Ma negli anni Cinquanta trasferì la famiglia a Roma perché gli era stato proposto un contratto dalla Ponti-De Laurentiis e il cinema si faceva a Cinecittà. Non erano ancora gli anni della commedia all’italiana vera e propria e andavano di moda i film ad episodi in bianco e nero, in cui famosi attori di rivista interpreta-
vano sullo schermo i loro sketch. Mio padre fece molti di questi film, anche se uno dei titoli a cui era rimasto legato e di cui mi parlava più spesso era Il vedovo allegro di Mario Mattoli del 1950 perché si svolgeva tra la sua Sanremo e Cannes». A conti fatti, Dapporto interpretò nella lunga carriera una quarantina di film, in gran parte ambientati nel mondo della rivista, del teatro e dello spettacolo, ma seppe recitare anche personaggi non comici. I suoi capolavori restano La Presidentessa del 1952 di Pietro Germi, coprotagonista nel ruolo del ministro francese che perde la testa per Silvana Pampanini; La signora è servita del 1945 di Nino Giannini, film tratto da un suo soggetto; Ci troviamo in galleria del 1953 di Mauro Bolognini, dove interpreta un comico di terz’ordine che sposa una cantante sconosciuta, Nilla Pizzi, e la conduce al successo; e poi ancora I pompieri di Viggiù sempre di Mattoli, Botta e risposta di Mario Soldati.

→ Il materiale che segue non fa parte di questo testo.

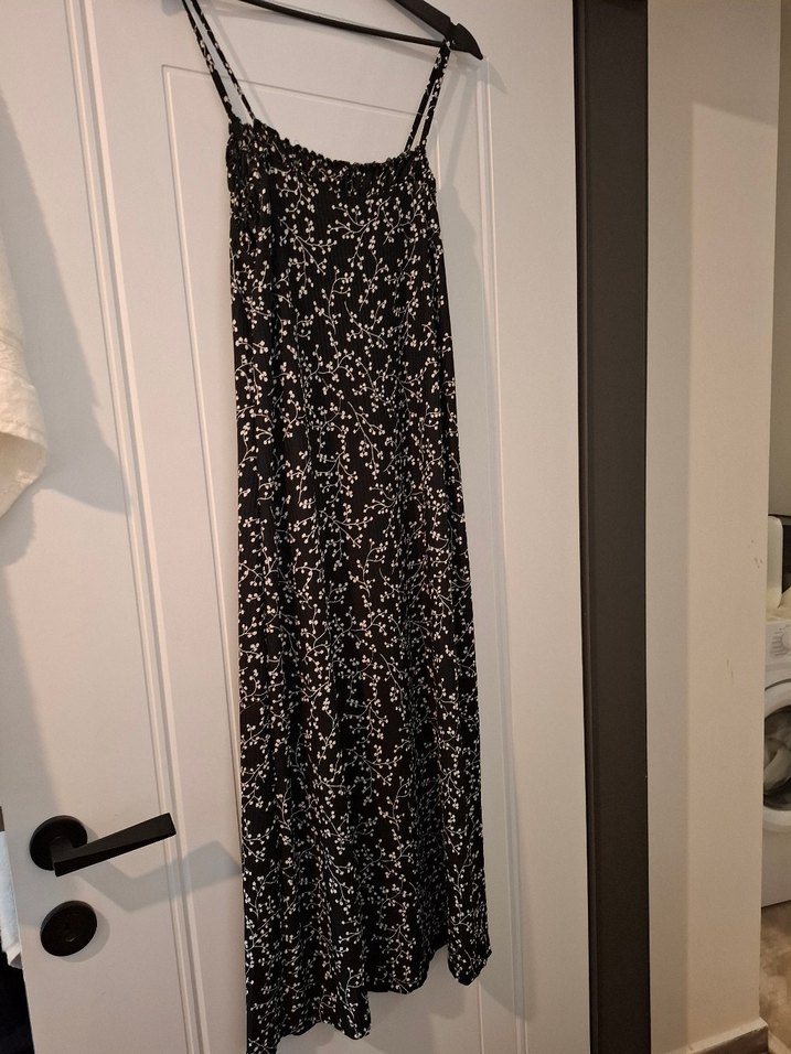 Salaş kesim, uzun siyah elbise ince askılar ve drapeli detaylara sahip. Düz ve hafif batik desen içerir, günlük kullanım için uygundur. Esnek kumaş
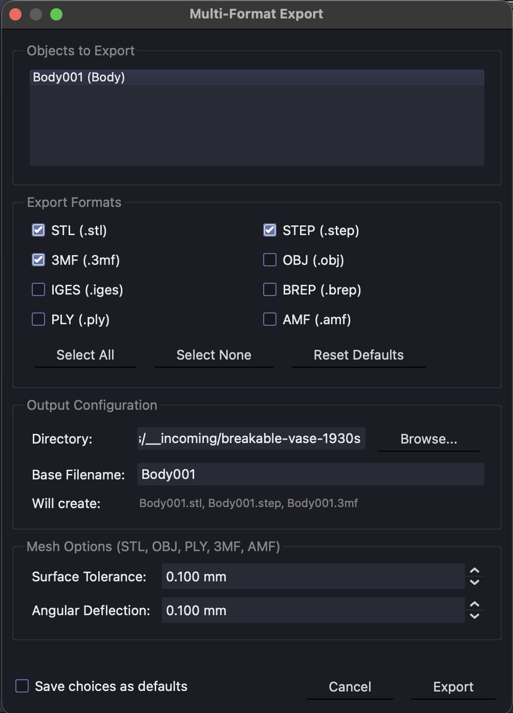 | Export selected bodies to multiple file formats (STL, STEP, 3MF, OBJ, IGES, BREP, PLY, AMF) simultaneously with a user-friendly dialog for format selection and output configuration. Macro version: 0.6.1 Last modified: 2026-01-12 FreeCAD version: 0.21+ Download: ToolBar Icon Author: Sean P. Kane |
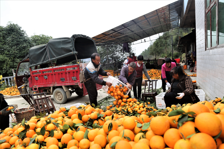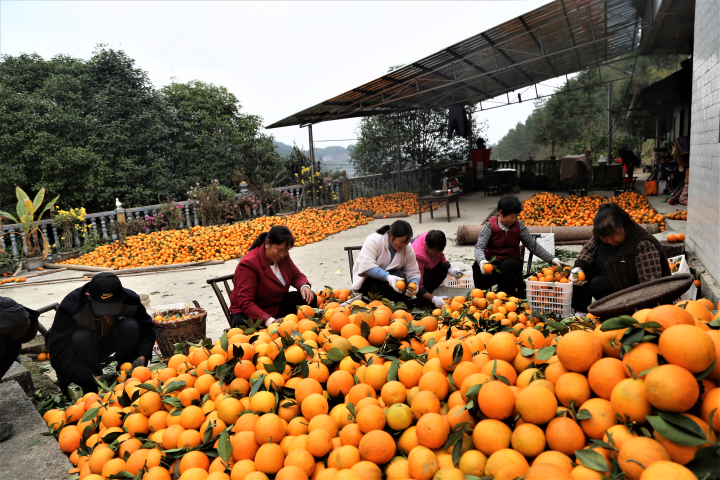 11月29日,记者在酉酬镇古田村5组一户农家院坝看到,一车车刚从树上采摘下来的脐橙陆陆续续运往院坝,十多名村民正在分拣堆积如小山的脐橙。
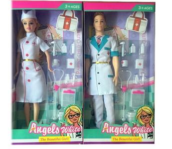 11.5寸实身活手男医生+女护士芭比 带医具套装吸塑
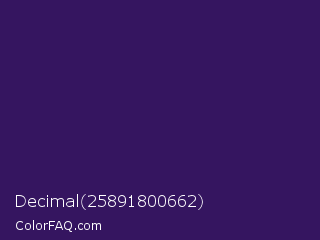 Decimal 25891800662 Color is a dark violet color and the nearest color is Jagger #350e57. Hex code #351560 and RGB value is rgb(53,21,96). In RGB color space, this color is composed of 21% red, 8% green, 38% blue, In CMYK color space, this color is composed of 45% cyan, 78% magenta, 0% yellow , 62% black , In HSL color space, this color has a hue angle of 266° , 64% saturation and 23% lightness.
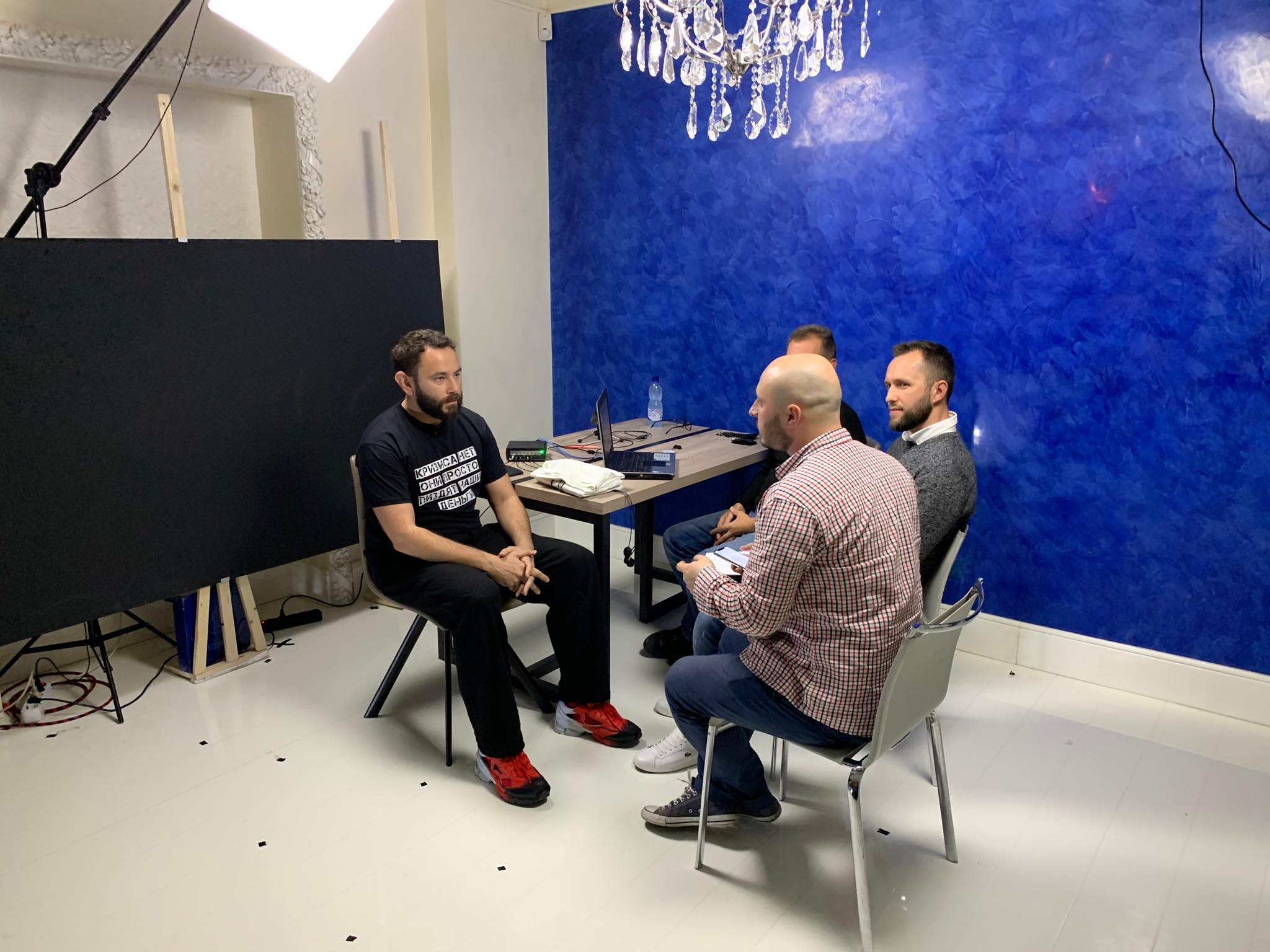 В квартире находится очень много людей, все они едва помещаются. Депутат Александр Дубинский, который после обвинений во взяточничестве решил пройти тест на детекторе лжи в прямом эфире, пригласил на "полиграф-шоу" журналистов. Во время прохождения полиграфа в помещении оставят только операторов, чтобы сохранить тишину.
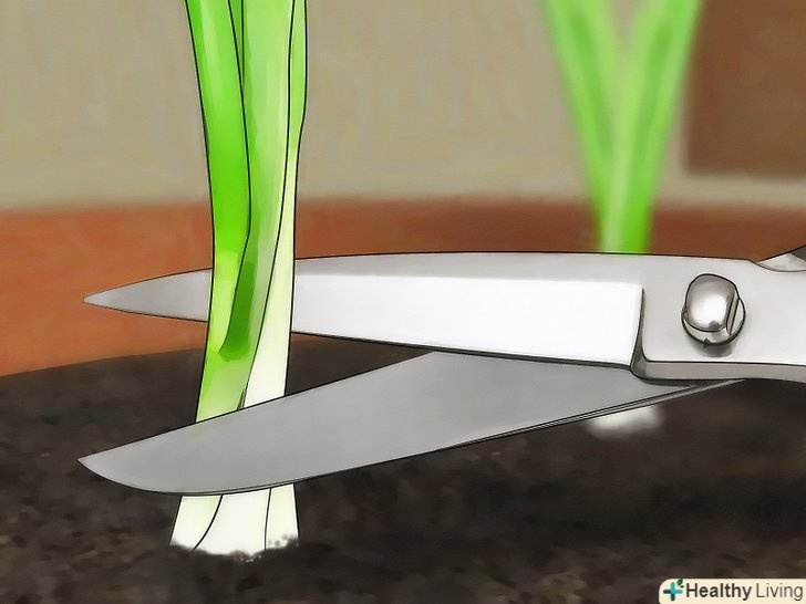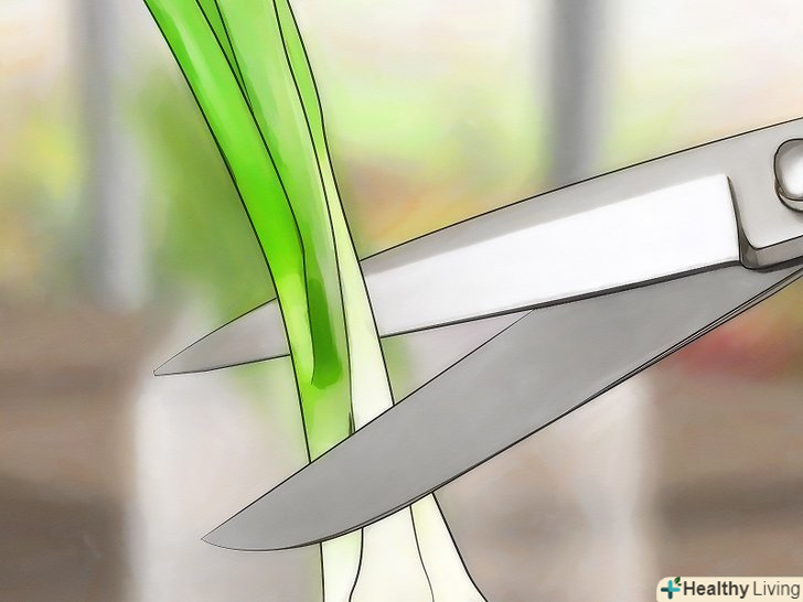 - Якщо ви хочете використовувати тільки зелену частину цибулі, а не білу, яка знаходиться близько до коріння, ви можете використовувати ножиці, щоб просто відрізати зелені вершки. Залиште 2-5 см для росту. Лук буде продовжувати рости, і ви зможете збирати Зелений урожай знову, як тільки він буде досягать15-20 см в довжину. Зверніть увагу на те, що вони придбають більш сильний смак, так як рослина дозріває.
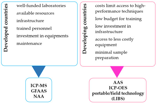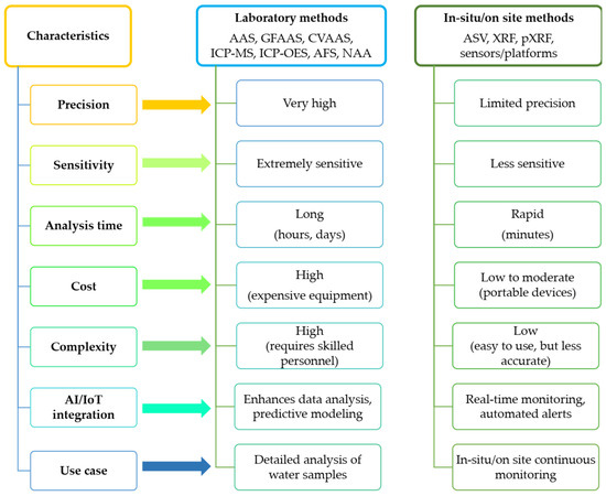 (f) Atomic fluorescence spectrometry (AFS) is a highly sensitive and selective technique used for the determination of trace metals in various samples, including water. It is based on the principle of atomic absorption and fluorescence emission. The assessment of As and Hg levels in surface and groundwater samples collected from East China was reported [78], with analysis performed using AFS. The level of As in groundwater ranged from 0.06 to 12 mg L−1, while Hg levels ranged from 0.0104 to 0.0497 mg L−1. In surface water, the As level was higher, reaching 71.3 mg L−1, and the Hg level was 0.0372 mg L−1.
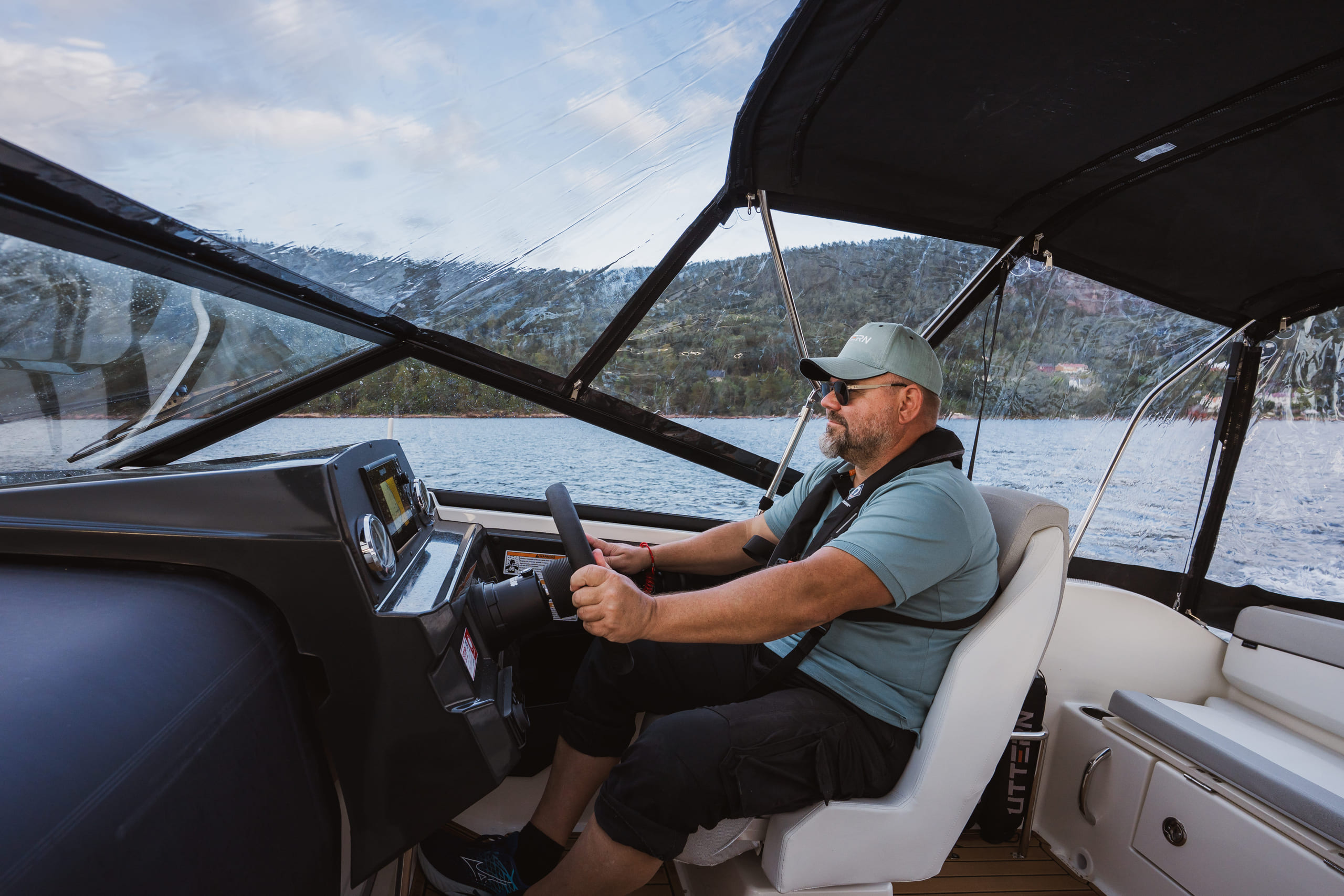 Du går inn og ut av Uttern D59 ved et klart definert av- og påstigningsområde. Den store badeplattformen med et trinn over motorbrønnbroen sikrer enkel tilgang ut i vannet og tilbake på dekk. I tillegg, hvis du tar med barna og de ikke kan sitte stille (ingen overraskelse der), går det helt fint. De høye rekkene på fordekket og den dype cockpiten lar dem bevege seg trygt rundt på familieturer.

A mano a mano che il varietà scompariva, anche la sua presenza si diradò sino a quando Alberto Sordi non lo volle al suo fianco in Polvere di stelle del 1973 per rievocare quel mondo dello spettacolo e dell’intrattenimento. Ma il film più importante di Dapporto resta uno degli ultimi, La famiglia di Ettore Scola del 1987, in cui per la prima volta interpreta un personaggio a tutto tondo, estraneo ai suoi cliché abituali. È Giulio, il fratello di Vittorio Gassman, sempre alle prese con debiti e difficoltà finanziarie. Qui Dapporto esprime la sua vera maturità al punto che gli venne assegnato il Nastro d’argento come miglior attore non protagonista. Di lì a poco, nel 1989, Carlo Dapporto ci avrebbe lasciati per sempre. Suo figlio Massimo Dapporto confessa: «Me lo porto tanto dentro. In fondo, mi basta alzarmi alla mattina, guardarmi allo specchio, e mi sembra di averlo davanti.Vorrei solo essere ancora un po’ più lui e un po’ meno me».